Where environmentalists fear to tread

by Chris Fellingham on 29th August 2009

Uploaded on January 1, 2007 by mckaysavage

The run up to Copenhagen has begun and by all accounts it was a little more fiery than expected. I’m not referring to the Climate Camp in London, whose location was kept so secret, nor am I referring to Sen. Chuck Grassley’s remarkable comments that there are an increasing number of scientists who have doubts about Climate Change…really? This sounds a little like Sen Inhofe’s infamous list, many of whom were horrified to learn they were including on his list ( yes, he basically made it up). All of these are mere broadsides in the contemporary Climate Change debate.  The fire in this debate, which we’ve only seen glimmers on touches on the elephant in the room for environmentalists and even governments, Population control. India’s Environmental Minister Jairam Ramesh issued a response to efforts by the US to bring India’s population into the debate:

Speaking at a conference in the Indian capital, organised by Delhi’s Centre for Science and Environment, Jairam Ramesh said there was a “move in western countries to bring population into climate change [negotiations]. Influential American think-tanks are asking why should we reward profligate reproductive behaviour? Why should we reward India which is adding 14 million people every year?”

For many environmentalists, population control is the issue not spoken of. Many are reluctant enough to talk about curbing our “excessive lifestyles”, reducing the number of cars, the size of our homes, waste and all the rest of it makes Environmentalists seem draconian enough and a ideology of gloom without adding the terrifying illiberal issue of population control to the mix. Yet for many, it remains the elephant in the room. Recently some scientists in environmental corners have whispered it out, what is the best thing I can do to to go green? hybrid car? recycling? Errr no, don’t procreate so much.

The maths is quite simple, if you stopped flying and etc etc you could probably reduce your average footprint from say a ball park of 25 down to 15, a big reduction to be sure but over your lifetime that would ( very simplistically) only take  800 tons difference. Here is what a child adds on average:

Under current conditions in the United States, for instance, each child ultimately adds about 9,441 metric tons of carbon dioxide to the carbon legacy of an average parent – about 5.7 times the lifetime emissions for which, on average, a person is responsible.

But population control goes beyond Climate Change, in fact to some extent it dwarfs Climate Change as a problem. The world’s population is estimated to peak  around 2050, with  at over 9 billion people.  Over that period standards of living will rise for hundreds of millions of people which, without huge breakthroughs in food production and resource recycling will result in incredible strain on a planet already unable to sustain the current population. The new people rightly will expect higher standards of living than their forebears and governments will face acute problems as rising demands meets dwindling supply. Climate Change compounds the issue, reducing the earth;s resource capacity most critically in areas of food production and more gravely reducing it in the regions of the world with the fastest growing populations.
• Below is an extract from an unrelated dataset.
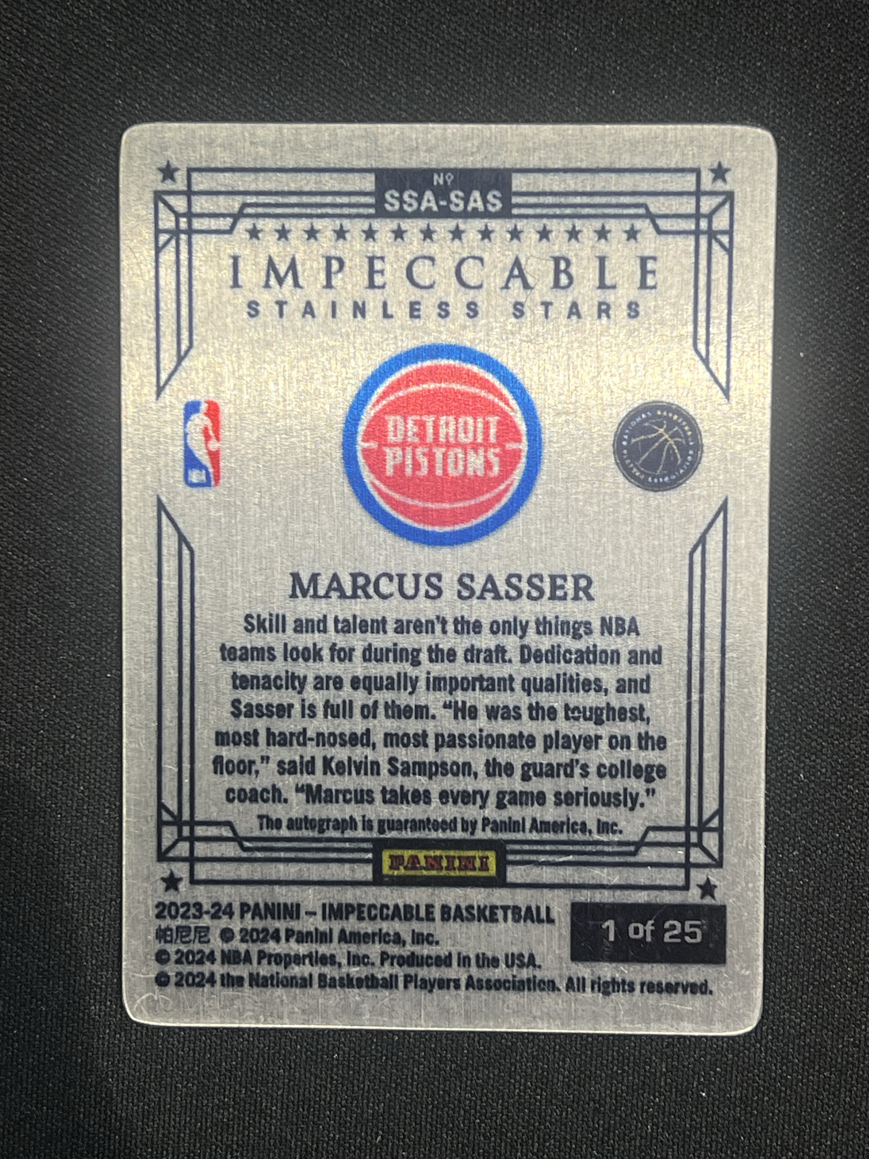【卡卡星拍卖】2023-24 Panini Impeccable Marcus Sasser RC 活塞 马库斯 萨瑟 1/99编 首编 新秀 签字 铁板 卡签 小真金系列 未来可期 卡品如图 熊

Africa and the Middle East, have among the fastest growing population and are also among the most water-poor areas in the world, with the former in historically dire straits its problems will almost certainly be gravely compounded lacking even the basic means  agricultural production.

The issue, is a uniquely human one,  all other animal species grow to the extent their environment can sustain them, reaching a natural equilibrium of sorts. Humans, differ and have expanded exponentially over their history. This century may prove more testing than others with Climate Change and economic growth heading towards a degree of inevitable conflict. You’ve already seen this problem, water resources in Sudan, oil wars in the Middle East, these problems aren’t solely due to population but population can create almost insurmountable structural pressure on politics to match demand.

But unlike other Climate Change problems which are about financing , economic growth, technology transfer and trade terms, population control hits home directly.  How many children will you or someone else be allowed? It’s a distinctly moral question, the biological essence of humanity is put into question and one of surely our most basic rights could be called into question. Deeper than that is that, it has more underlying undertones of power politics. Wealthy and ageing western populations trying to curb the fertility of China, India, Africa and the Middle East, touches on raw nerves of the balance of global power.

This isn’t the first time the issue has been raised. China, the only country to have enacted an all-encompassing population policy in its infamous “one child policy” has in the past noted that it has done more than many countries in the effort to control Climate Change through its one child policy,  which it estimates have kept several hundred million from existence and thus relieved enormous future amounts of strain from the world.

Going into Copenhagen population control is highly unlikely to feature, however its emergence into International dialogue has begun already and soon this taboo subject may well become centre stage, although I suspect a third-rail at first.